Lets jump straight in to it and create some signals. Firstly, let’s create a signal with two super-imposed sine-waves at different frequencies:

[code]
fs=8000;
t=0:1/fs:1;
f1=250;
sine1 = sin(2*pi*f1*t);
f2=1000;
sine2 = sin(2*pi*f2*t);
y = sine1 + sine2;
plot(t(1:100), y(1:100));
[/code]

Here, we’ve created two sine waves (sine1, and sine2) at 250Hz and 1000Hz respectively. Then we generate the sum of the waves into y (because it becomes the plots y axis). Then we plot the first 100 samples so we can see what the signal looks like in the time domain. The X axis is time.

Let’s look more closely:
Create a variable, fs which sets our sampling frequency (essential for a digital signal!)

[code]fs=8000[/code]

Create a series (an array) from 0 to 1 with an incremental change of 1/fs. This is our quantised time (or our sample points).

[code]t=0:1/fs:1;[/code]

Generate a sine-wave. sine1 is set to an array because t is a series of values. So for each point in time (sample point) we get a value of 2 * pi * f * (current time in s). This is a 250Hz sine wave.

[code]f1=250;
sine1 = sin(2*pi*f1*t);[/code]

This does the same for a 1000Hz sine wave.

[code]f2=1000;
sine2 = sin(2*pi*f2*t);[/code]

Sum both waves into a new series, y.

[code]y = sine1 + sine2;[/code]

Plot the series 1:100 of each input, i.e. time and magnitude.

[code]plot(t(1:100), y(1:100));[/code]

After the plot command you should see the sum plot, like below:

## Digital Filter Implementation

There are generally two types of Digital filter, Finite Impulse Response (FIR) and Infinite Impulse Response (IIR). Here, we’re going to go through the quick implementation of a first order (single pole) IIR. The analog equivalent of the circuit is a simple RC circuit. We’re going to implement a digital version of this simple low pass filter.

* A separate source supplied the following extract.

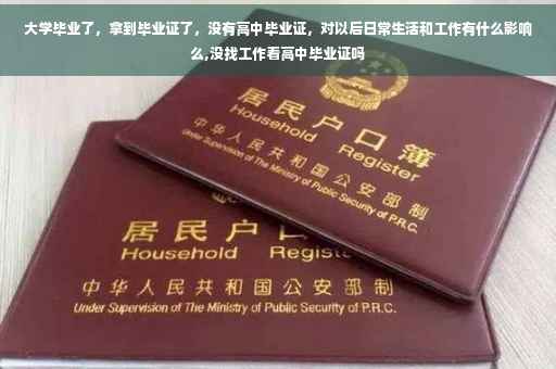 没有什么影响吧,应该。现在出去找工作都看的是大学毕业证。就是在社会上,大学都毕业了,高中毕业当然是不言而喻了。我已经毕业了,没发现哪里要高中毕业证,而不要大学毕业证的。所以你就放心吧

As engineers, we generally talk in terms of frequency and magnitudes of order when designing filters.

Let’s say our sampling frequency is 8kHz, and we want to have a filter that has a -3dB point of 1kHz. To start with, we need to generate some coefficients for the IIR filter we’re about to implement and analyse. We can use the most basic filter design from the DSP Book – Recursive Filters section. There, we get Equation 19-2 which describes how to obtain coefficients for a single-order low pass filter, which is:
$a_o = 1 - x$$b_1 = x$

x is defined in Equation 19-3 on the same page:
$x = \epsilon^{-2 \pi f_c}$

In our case where fs = 8000kHz and our cutoff frequency fc = 1000kHz = 0.125 * 8000 we get:

$-2 \pi f_c = -2 \pi * 0.125$
This gives us a value of
$x = \epsilon^{-0.785398}$
Which ends up being:
$x = 0.455938$

This makes our coefficients look like this:

$a_0 = 1 - 0.455938 = 0.54406$$b_1 = 0.455938$

## GNU Octave Implementation of IIR

Now that we have the coefficients we require, we should eb able to put that into GNU Octave and get some results so that we can analyse the filter. IIR Filters can be unstable if they are designed wrong, and so we must always check IIR filter performance to make sure they are stable. IIR Filters have the ability to runaway with themselves, or oscilate because they include a feedback, unlike FIR Filters. It’ll also give us a chance to check the phase response of the filter too.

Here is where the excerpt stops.